WHAT YOU SHOULD DO:
Out of the material that follows, write out exactly the lines from the line with "Чорний лебідь набив" to the line with "Mẫu thiết kế", both ends included, and no others.

[[ ENTRIES PROVIDED open ]]

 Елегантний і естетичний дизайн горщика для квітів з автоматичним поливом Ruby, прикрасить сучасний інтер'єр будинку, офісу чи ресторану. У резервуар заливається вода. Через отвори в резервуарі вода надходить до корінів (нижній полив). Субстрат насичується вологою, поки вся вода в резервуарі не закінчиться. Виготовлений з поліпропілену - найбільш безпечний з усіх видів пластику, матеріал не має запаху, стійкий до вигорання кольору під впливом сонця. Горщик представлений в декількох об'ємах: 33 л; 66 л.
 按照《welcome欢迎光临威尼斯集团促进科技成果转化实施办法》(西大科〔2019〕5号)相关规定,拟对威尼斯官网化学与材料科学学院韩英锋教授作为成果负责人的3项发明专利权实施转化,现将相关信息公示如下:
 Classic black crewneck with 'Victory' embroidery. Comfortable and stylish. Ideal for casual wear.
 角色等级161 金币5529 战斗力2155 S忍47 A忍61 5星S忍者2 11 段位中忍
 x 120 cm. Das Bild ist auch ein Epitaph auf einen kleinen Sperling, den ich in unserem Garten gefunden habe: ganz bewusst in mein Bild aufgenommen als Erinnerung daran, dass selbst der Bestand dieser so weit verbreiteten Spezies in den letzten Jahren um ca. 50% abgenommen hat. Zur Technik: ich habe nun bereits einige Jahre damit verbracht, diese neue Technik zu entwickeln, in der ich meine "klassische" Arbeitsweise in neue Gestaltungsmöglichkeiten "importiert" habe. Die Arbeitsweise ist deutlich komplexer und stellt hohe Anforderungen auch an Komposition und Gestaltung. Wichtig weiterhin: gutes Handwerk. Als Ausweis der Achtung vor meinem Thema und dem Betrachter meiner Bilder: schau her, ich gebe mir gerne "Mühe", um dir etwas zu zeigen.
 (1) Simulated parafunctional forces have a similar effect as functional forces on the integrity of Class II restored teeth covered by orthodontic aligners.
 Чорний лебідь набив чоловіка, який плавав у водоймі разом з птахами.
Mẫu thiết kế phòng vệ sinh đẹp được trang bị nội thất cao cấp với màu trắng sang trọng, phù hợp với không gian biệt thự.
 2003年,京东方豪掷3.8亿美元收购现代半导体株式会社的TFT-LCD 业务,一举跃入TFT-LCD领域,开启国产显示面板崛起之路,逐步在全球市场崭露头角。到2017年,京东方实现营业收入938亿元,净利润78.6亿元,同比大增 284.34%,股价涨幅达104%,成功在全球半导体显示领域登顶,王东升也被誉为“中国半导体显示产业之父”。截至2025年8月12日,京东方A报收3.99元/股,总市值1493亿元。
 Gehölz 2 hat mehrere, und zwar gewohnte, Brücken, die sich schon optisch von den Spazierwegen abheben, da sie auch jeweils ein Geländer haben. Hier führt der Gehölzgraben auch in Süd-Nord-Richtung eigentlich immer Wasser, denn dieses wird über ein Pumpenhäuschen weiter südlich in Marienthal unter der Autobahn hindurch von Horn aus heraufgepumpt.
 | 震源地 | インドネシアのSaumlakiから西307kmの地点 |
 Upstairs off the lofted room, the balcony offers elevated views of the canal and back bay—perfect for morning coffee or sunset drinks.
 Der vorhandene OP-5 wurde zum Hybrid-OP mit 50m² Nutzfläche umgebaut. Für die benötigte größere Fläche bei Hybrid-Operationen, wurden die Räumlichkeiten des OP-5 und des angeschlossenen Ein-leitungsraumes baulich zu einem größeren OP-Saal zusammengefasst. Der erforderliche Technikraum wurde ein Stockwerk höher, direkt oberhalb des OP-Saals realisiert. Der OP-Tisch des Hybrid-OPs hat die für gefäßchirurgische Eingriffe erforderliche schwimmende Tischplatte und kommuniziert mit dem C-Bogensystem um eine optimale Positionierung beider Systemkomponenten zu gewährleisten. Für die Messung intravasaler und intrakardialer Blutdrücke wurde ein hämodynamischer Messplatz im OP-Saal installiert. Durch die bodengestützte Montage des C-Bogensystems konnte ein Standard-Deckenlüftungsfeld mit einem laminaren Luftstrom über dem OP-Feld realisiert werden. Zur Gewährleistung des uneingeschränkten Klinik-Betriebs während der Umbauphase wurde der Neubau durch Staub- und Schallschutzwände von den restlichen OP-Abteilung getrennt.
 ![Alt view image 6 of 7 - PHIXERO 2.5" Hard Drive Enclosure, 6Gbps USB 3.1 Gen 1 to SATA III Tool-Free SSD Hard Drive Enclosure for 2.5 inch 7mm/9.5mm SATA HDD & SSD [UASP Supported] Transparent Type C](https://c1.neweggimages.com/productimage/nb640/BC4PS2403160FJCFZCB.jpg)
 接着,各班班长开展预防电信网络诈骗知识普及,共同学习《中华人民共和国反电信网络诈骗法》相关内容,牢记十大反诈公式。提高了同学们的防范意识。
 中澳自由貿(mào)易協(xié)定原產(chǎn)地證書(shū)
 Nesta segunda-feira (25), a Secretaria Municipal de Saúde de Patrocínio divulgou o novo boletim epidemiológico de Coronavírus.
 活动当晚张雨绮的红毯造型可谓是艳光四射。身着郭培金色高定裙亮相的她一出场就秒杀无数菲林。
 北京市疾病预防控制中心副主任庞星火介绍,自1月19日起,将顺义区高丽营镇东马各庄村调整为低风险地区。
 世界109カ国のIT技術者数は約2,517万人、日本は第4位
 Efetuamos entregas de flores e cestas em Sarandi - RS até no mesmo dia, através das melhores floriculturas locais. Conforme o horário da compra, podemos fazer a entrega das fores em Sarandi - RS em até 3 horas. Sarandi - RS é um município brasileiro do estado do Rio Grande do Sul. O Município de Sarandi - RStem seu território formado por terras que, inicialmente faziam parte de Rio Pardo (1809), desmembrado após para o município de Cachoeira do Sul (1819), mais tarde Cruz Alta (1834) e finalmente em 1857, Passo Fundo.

[[ ENTRIES PROVIDED closed ]]

ANSWER FOR THE TASK:
 Чорний лебідь набив чоловіка, який плавав у водоймі разом з птахами.
Mẫu thiết kế phòng vệ sinh đẹp được trang bị nội thất cao cấp với màu trắng sang trọng, phù hợp với không gian biệt thự.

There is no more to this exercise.